Quel est l’impact aujourd’hui du modèle de la ville du quart d’heure sur les grandes métropoles ?

La ville du quart d’heure inspire aujourd’hui un grand nombre de métropoles : Paris, Nantes, Mulhouse, Copenhague (la « five minutes city »), Rome, Milan, Valencia, Utrecht, Melbourne, Ottawa (« 20 minutes City »), Buenos Aires, Busan etc. On la retrouve sur les cinq continents ! Le réseau mondial des métropoles pour le climat, le C40 l’a adopté depuis la pandémie et son engagement est très fort.

 

Minibio

Scientifique franco-colombien, professeur associé à l’Université Paris 1 Panthéon Sorbonne-IAE Paris, Carlos Moreno est mondialement connu comme inventeur du concept de la ville du quart d’heure et est un spécialiste des villes et territoires. Arrivé en France à vingt ans, il commence sa carrière universitaire en 1983, comme enseignant-chercheur à l’IUT de Cachan/ Université Paris Sud. Il est aujourd’hui directeur scientifique et co-fondateur de la chaire eTI (Entrepreneuriat Territoire Innovation) à l’université Paris 1 Panthéon-Sorbonne/ IAE Sorbonne Business School. Dès 2006, il commence à travailler sur le concept de ville numérique et durable qui  devient en 2016 le concept de la proximité heureuse avec la ville du 1/4 d’heure et le territoire de la 1/2 heure.

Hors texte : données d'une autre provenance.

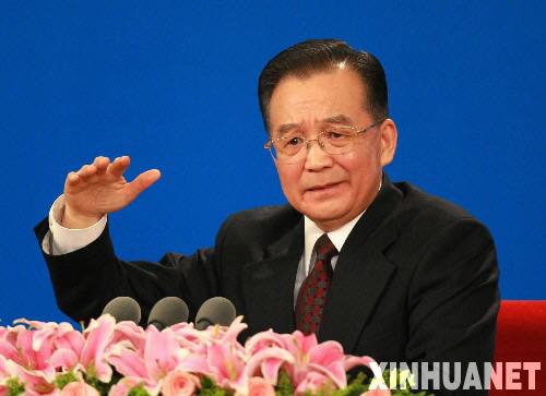 3月18日,国务院总理温家宝和副总理李克强、回良玉、张德江、王岐山在北京人民大会堂与中外记者见面,并回答记者提问。 新华社记者鞠鹏摄
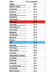 Nuestro país se sitúa también por encima de estados como Noruega, Grecia o Portugal, pero queda por debajo de otros como Francia, Alemania y Malta, que fue el país que registró la mejor marca de ocupación con una media del 65,6% entre enero y septiembre del 2012.
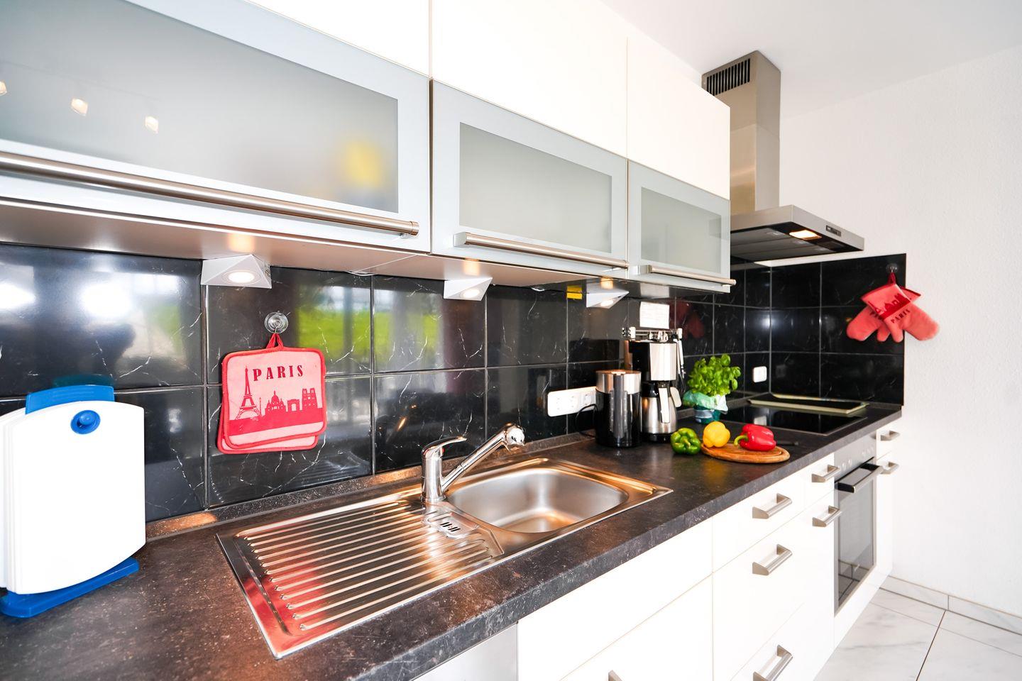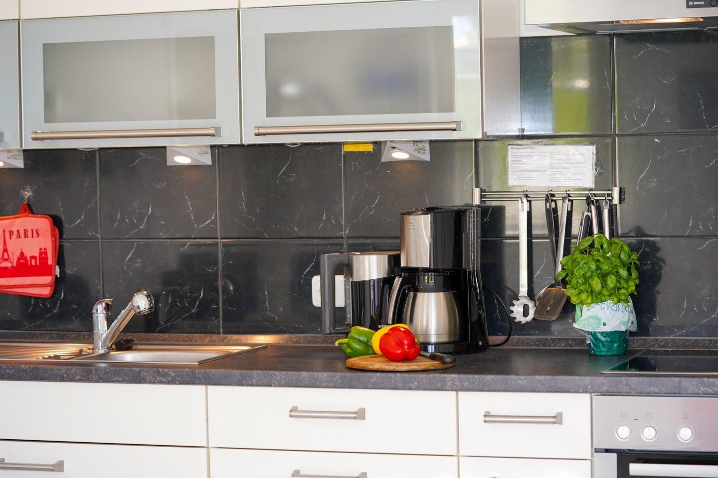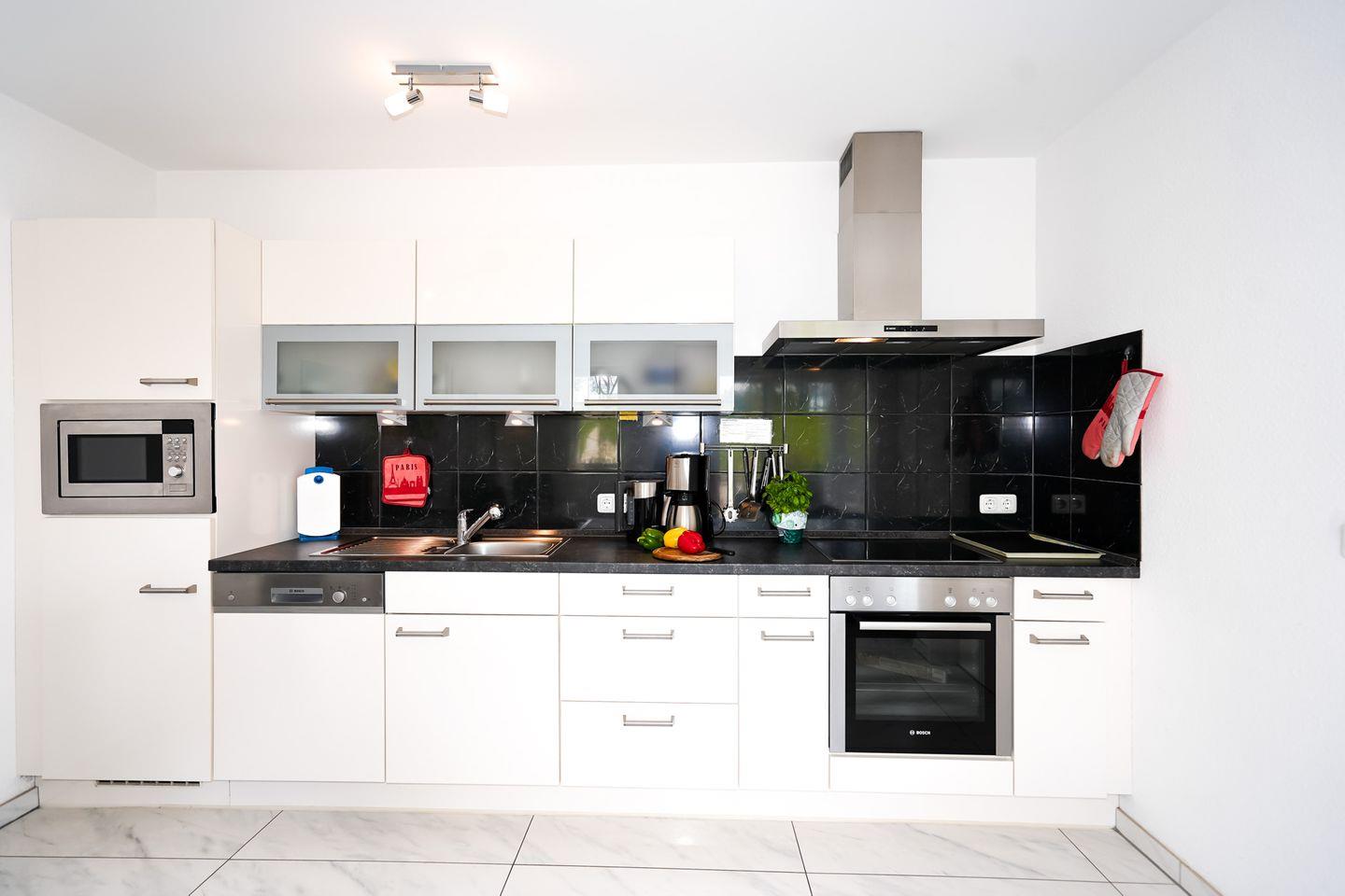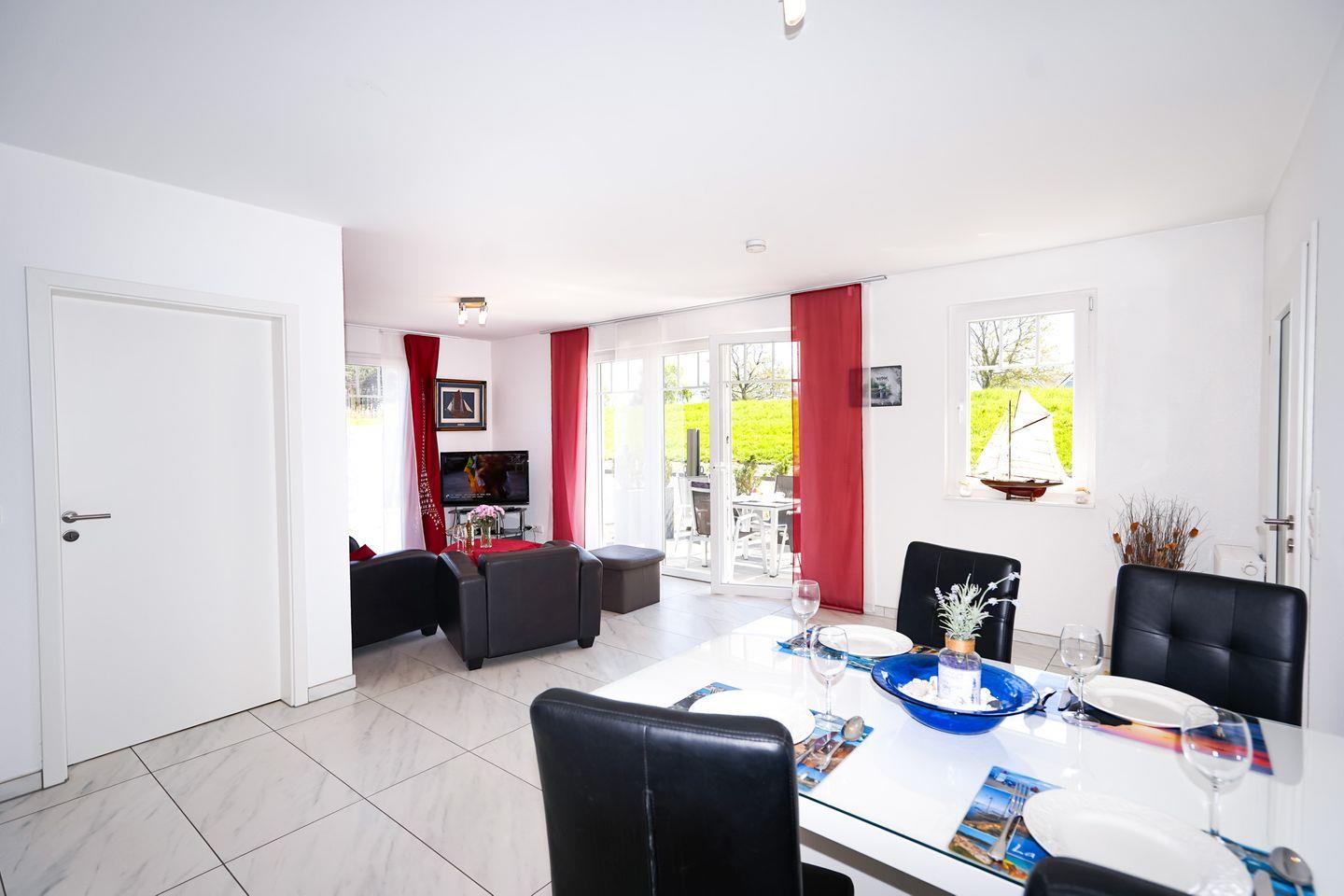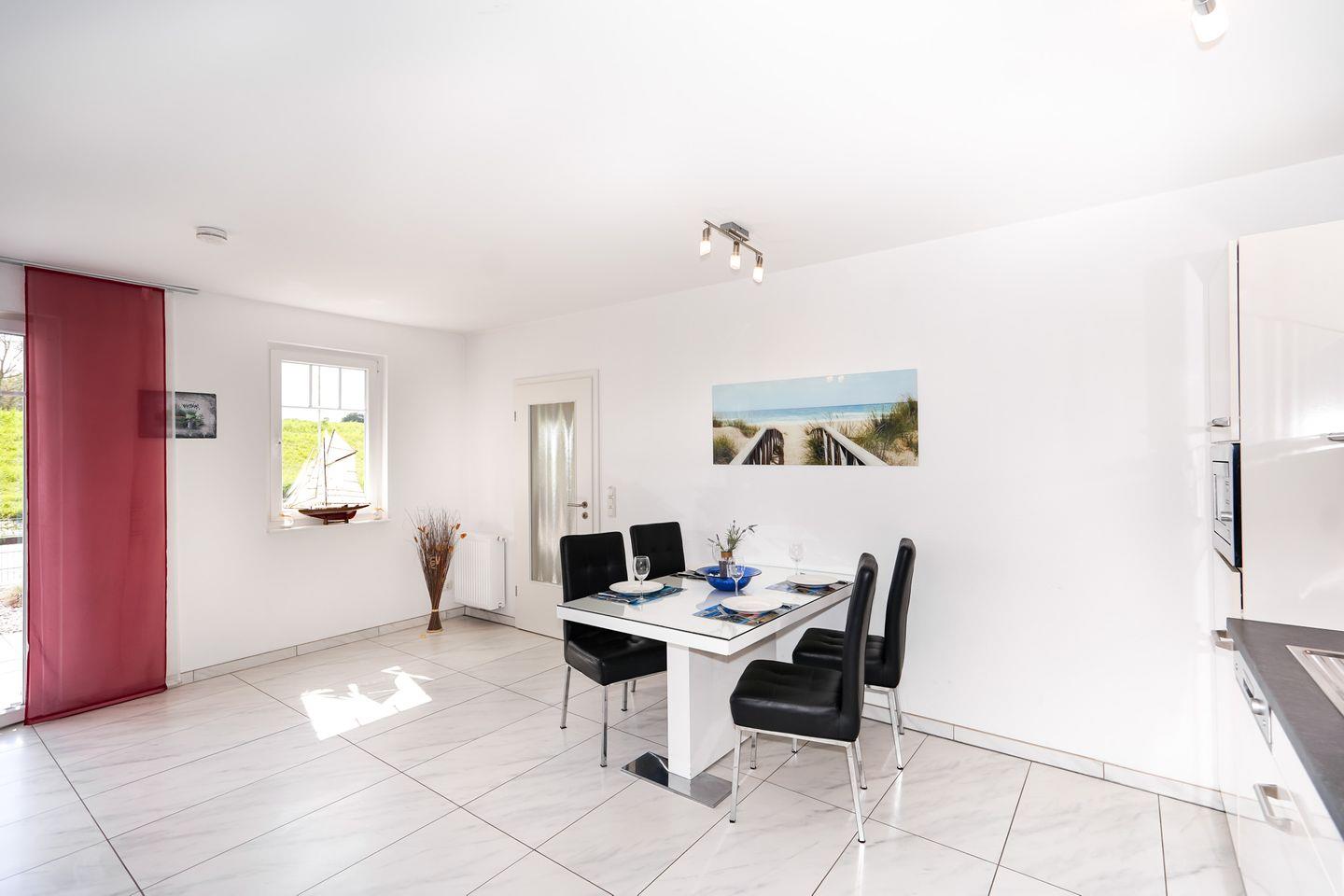 Der Wohn-/Essbereich ist mit einer modernen Küche ausgestattet.

Il est chevalier de l’ordre de la Légion d’honneur depuis 2010, a reçu la médaille Prospective 2019 de l’Académie d’architecture, est lauréat de l’Obel Award 2021 et a remporté le Leadership Award à l’occasion des World Smart Cities Award en 2021. Le concept de la ville du 1/4 d’heure a reçu en 2022 le « Parchemin d’honneur », la plus haute récompense dans l’urbanisme de UN – Habitat.